++++ MATERIAL PROVIDED ++++

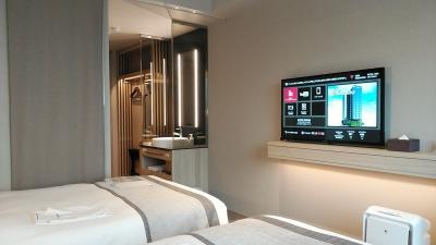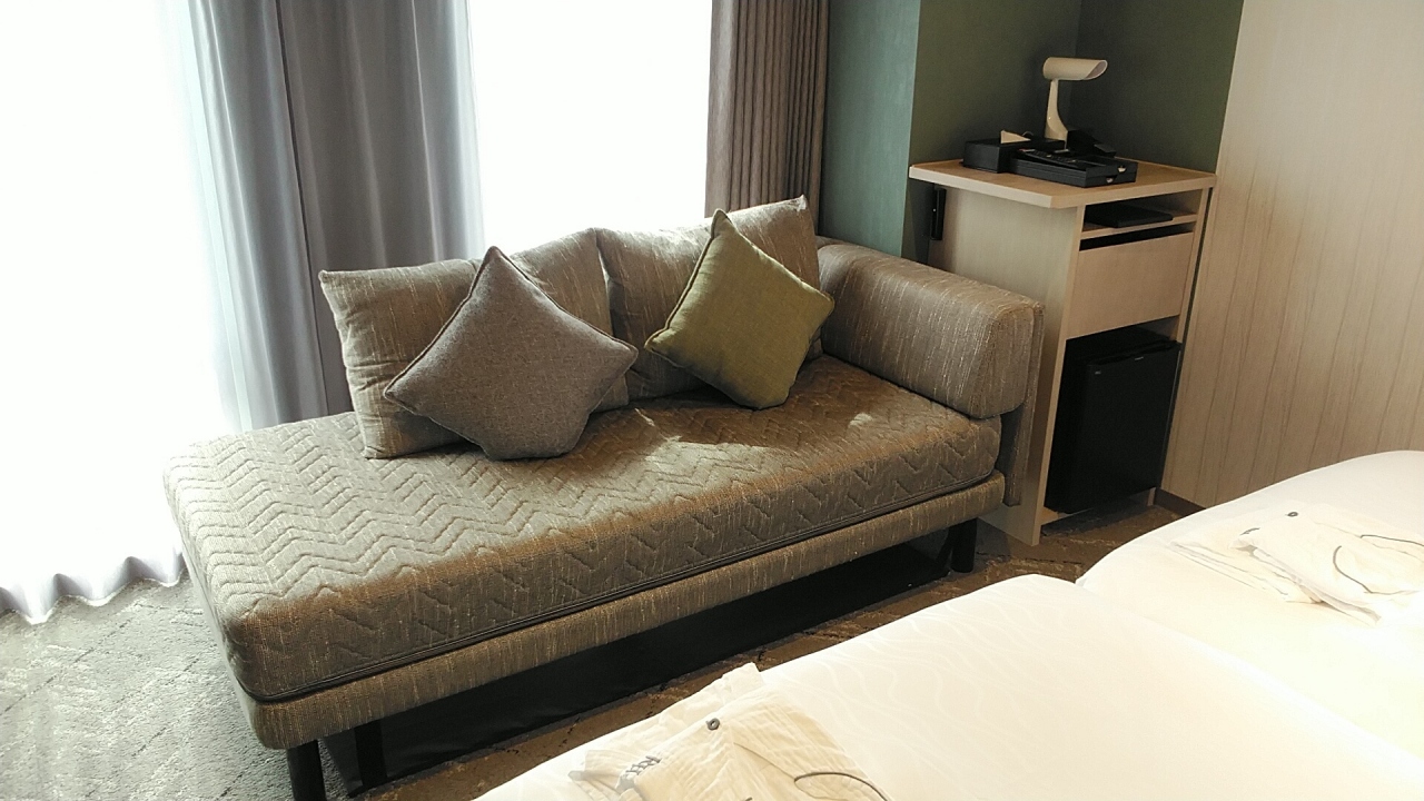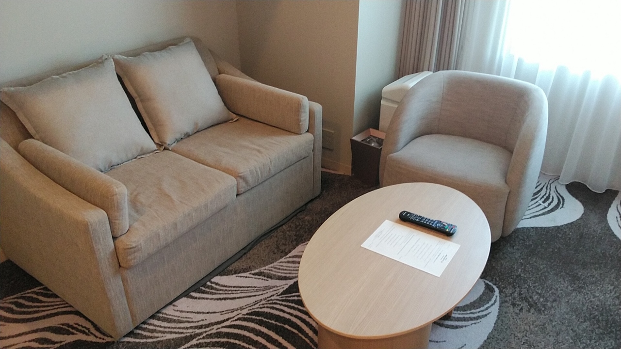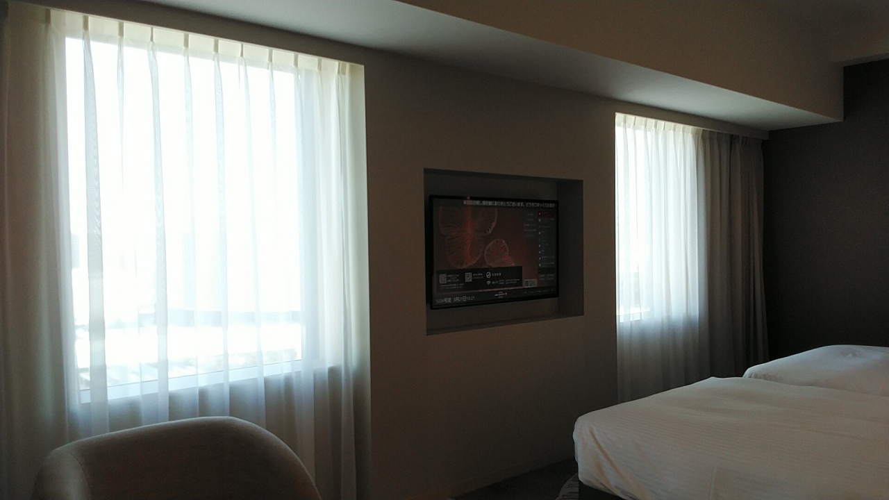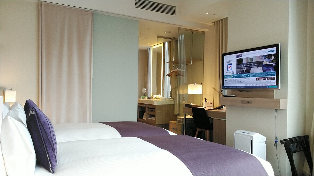 今回は2タイプあるデラックスツインのコーナー側で無い部屋に宿泊しました。眺望は豊洲駅方向に窓が2カ所あるのでリビングエリアとベッドからも運河にタワーマンション群の都心の眺望が楽しめます。ベッドは120cm幅のハリウッドツインのデュベスタイルのベッドメイキングに加湿空気清浄機、トイレ独立、浴室独立で快適でした。2人用と1人用のソファーに大きめなテーブルで部屋のみには便利でした。内装の設えに落ち着きあるカラーリングでお気に入りホテルでゆっくりできました。
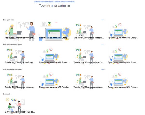 Онлайн-курс мав на меті сформувати вміння використовувати інструменти Google для організації, планування та здійснення освітнього процесу. Змістове наповнення курсу містило такі тематичні блоки: можливості Gemini для створення завдань; розробка завдань та схеми оцінювання з Gemini; YouTube та Google Презентації: інтерактивні уроки нового рівня; оптимізація роботи з Google Таблицями; цифрове середовище та принципи безпеки в Інтернеті; позитивна взаємодія в Інтернеті та відповідальне цифрове громадянство.
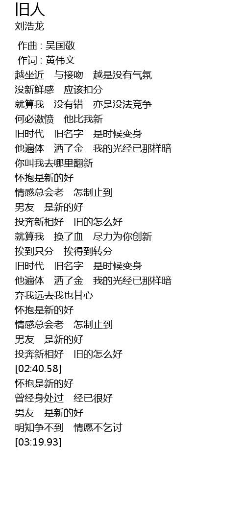 | [02:25.24] | 投奔新相好 旧的怎么好 |
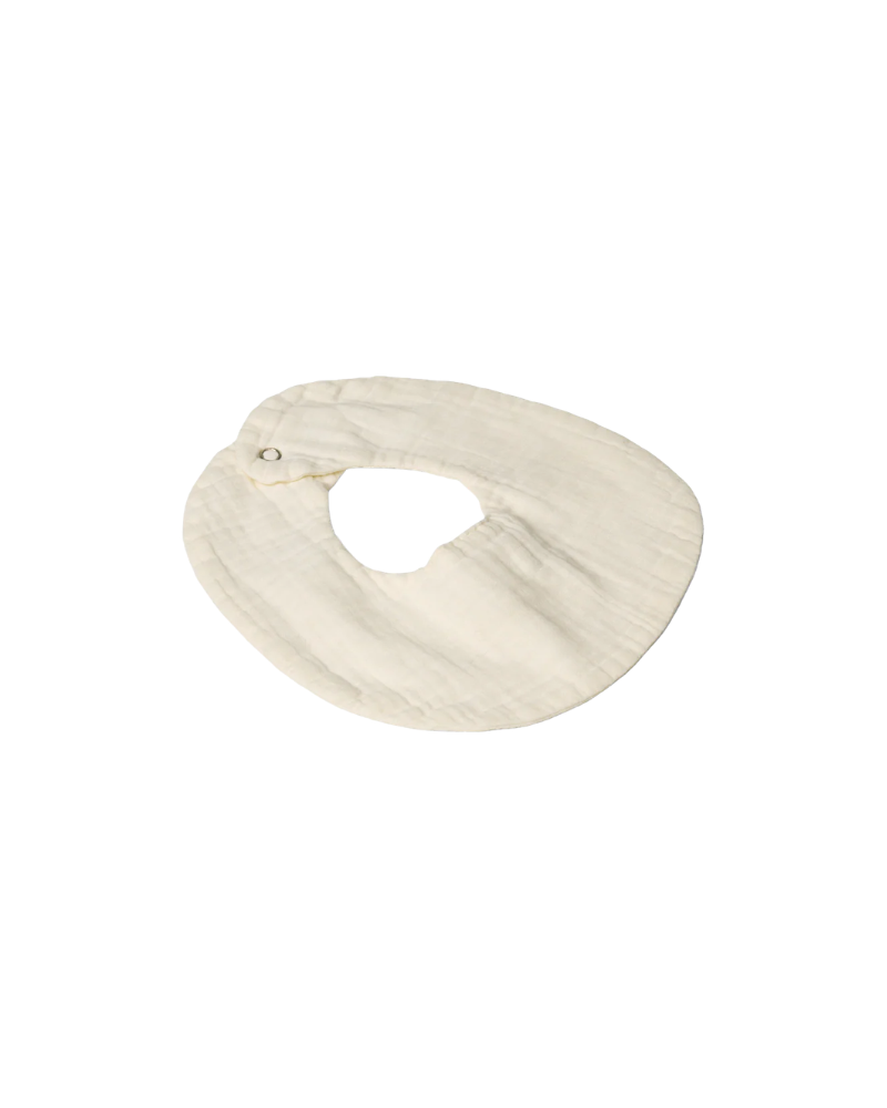 Lubilu muslin hagesmæk i cream. Hagesmækken er lavet af 100% økologisk bomuld med dobbelt lag og nikkelfrie trykknapper.
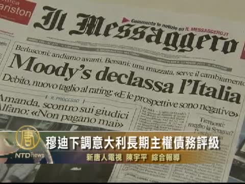【新唐人2011年10月5日訊】信用評級機構穆迪星期三將意大利長期主權債務評級下調三檔,從“Aa2”降級到“A2”,評級展望為“負面”。
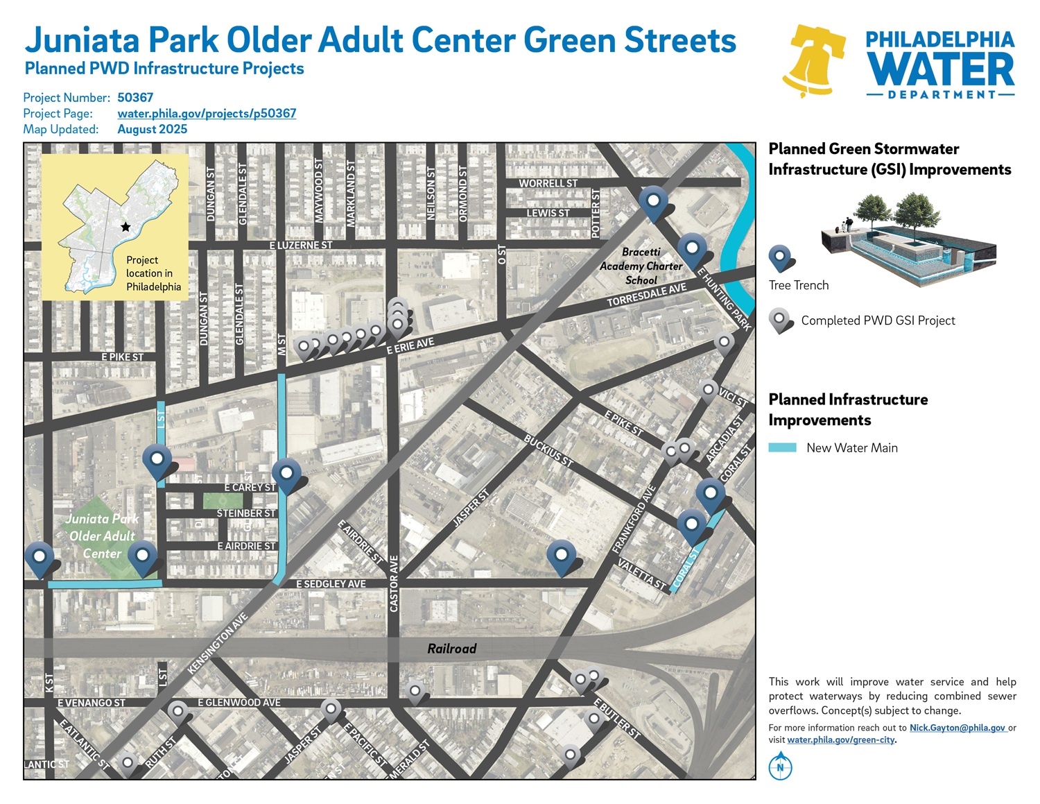 Project #50367 Juniata Park Older Adult Center Green Streets will build green stormwater management infrastructure in the Juniata Park neighborhood.
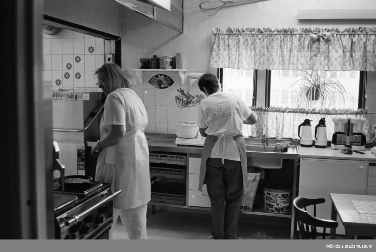 Christina Brussard och Kate Palm i köket på Katrinebergs daghem, 1992-93. Båda bär förklädde. Den ena kvinnan står vid sidan av spisen, den andra kvinnan diskar. På hennes t-shirt står "PEPPES FRITIDSREKLAM" tryckt på ryggen. I bakgrunden syns fönster.
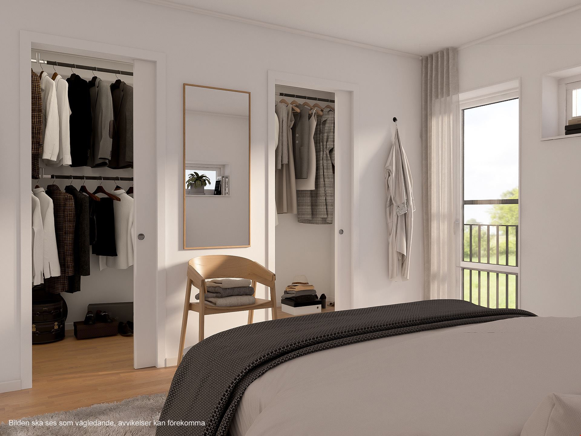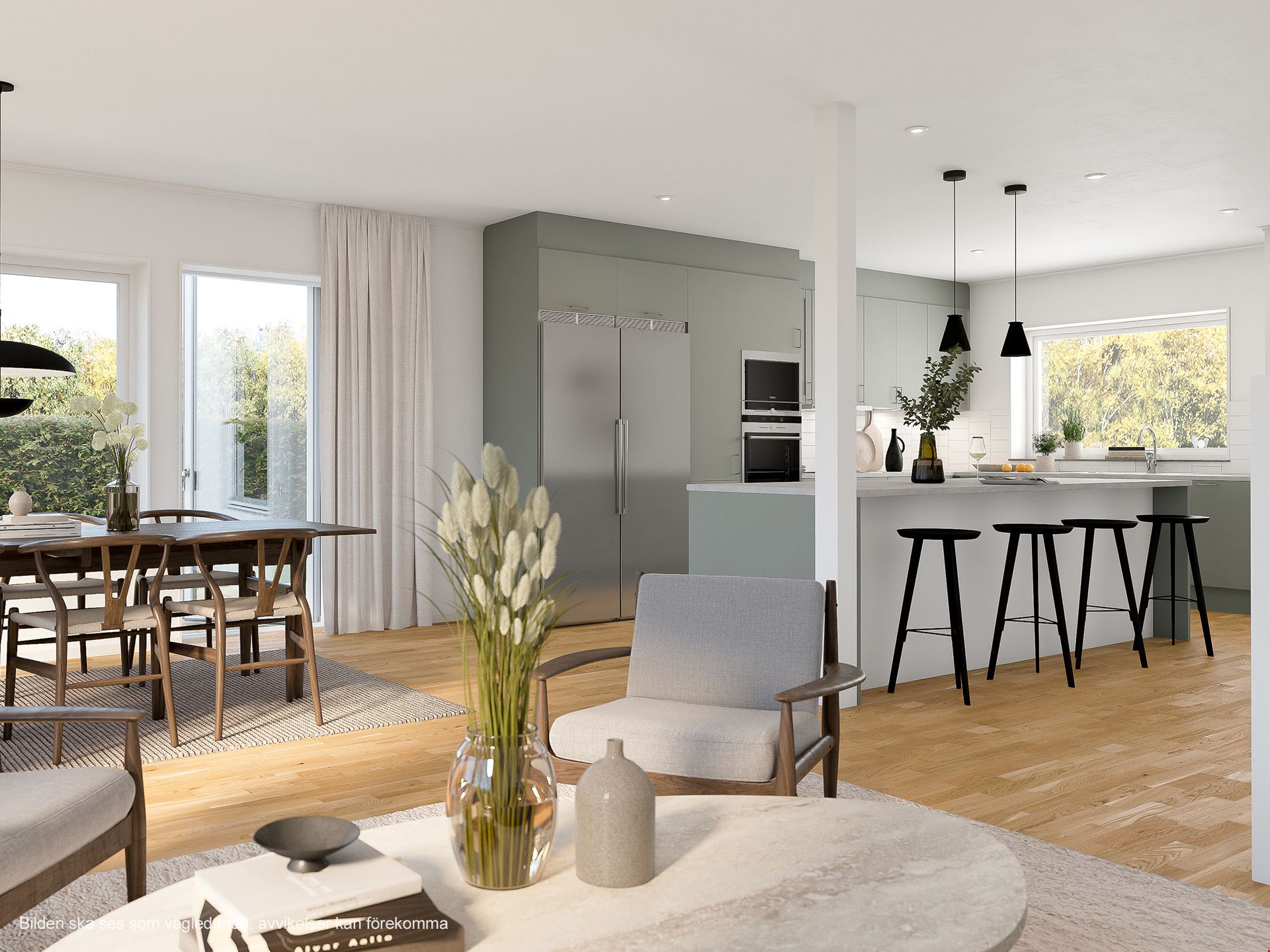 Här kan du flytta in i ett ljust och rymligt hus inspirerat av vår husfavorit Källviken, men anpassat efter just den här platsen. Redan i entrén möts du av en öppen siktlinje mot vardagsrummet, här ligger också husets tvättstuga praktiskt placerad. Hela huset pryds av generösa fönsterpartier som skapar en härlig känsla av ljus och rymd. Kök, matplats och vardagsrum ligger i direkt anslutning till varandra och erbjuder utsikt mot både gatan och trädgården. En trappa upp hittar du husets tre sovrum, badrum och ett generöst allrum.

++++

DESCRIPTION OF THE TASK:
Whenever images occur above, omit them and retype each line exactly as it stands.

SOLVED PROBLEM:
 今回は2タイプあるデラックスツインのコーナー側で無い部屋に宿泊しました。眺望は豊洲駅方向に窓が2カ所あるのでリビングエリアとベッドからも運河にタワーマンション群の都心の眺望が楽しめます。ベッドは120cm幅のハリウッドツインのデュベスタイルのベッドメイキングに加湿空気清浄機、トイレ独立、浴室独立で快適でした。2人用と1人用のソファーに大きめなテーブルで部屋のみには便利でした。内装の設えに落ち着きあるカラーリングでお気に入りホテルでゆっくりできました。
 Онлайн-курс мав на меті сформувати вміння використовувати інструменти Google для організації, планування та здійснення освітнього процесу. Змістове наповнення курсу містило такі тематичні блоки: можливості Gemini для створення завдань; розробка завдань та схеми оцінювання з Gemini; YouTube та Google Презентації: інтерактивні уроки нового рівня; оптимізація роботи з Google Таблицями; цифрове середовище та принципи безпеки в Інтернеті; позитивна взаємодія в Інтернеті та відповідальне цифрове громадянство.
 | [02:25.24] | 投奔新相好 旧的怎么好 |
 Lubilu muslin hagesmæk i cream. Hagesmækken er lavet af 100% økologisk bomuld med dobbelt lag og nikkelfrie trykknapper.
【新唐人2011年10月5日訊】信用評級機構穆迪星期三將意大利長期主權債務評級下調三檔,從“Aa2”降級到“A2”,評級展望為“負面”。
 Project #50367 Juniata Park Older Adult Center Green Streets will build green stormwater management infrastructure in the Juniata Park neighborhood.
 Christina Brussard och Kate Palm i köket på Katrinebergs daghem, 1992-93. Båda bär förklädde. Den ena kvinnan står vid sidan av spisen, den andra kvinnan diskar. På hennes t-shirt står "PEPPES FRITIDSREKLAM" tryckt på ryggen. I bakgrunden syns fönster.
 Här kan du flytta in i ett ljust och rymligt hus inspirerat av vår husfavorit Källviken, men anpassat efter just den här platsen. Redan i entrén möts du av en öppen siktlinje mot vardagsrummet, här ligger också husets tvättstuga praktiskt placerad. Hela huset pryds av generösa fönsterpartier som skapar en härlig känsla av ljus och rymd. Kök, matplats och vardagsrum ligger i direkt anslutning till varandra och erbjuder utsikt mot både gatan och trädgården. En trappa upp hittar du husets tre sovrum, badrum och ett generöst allrum.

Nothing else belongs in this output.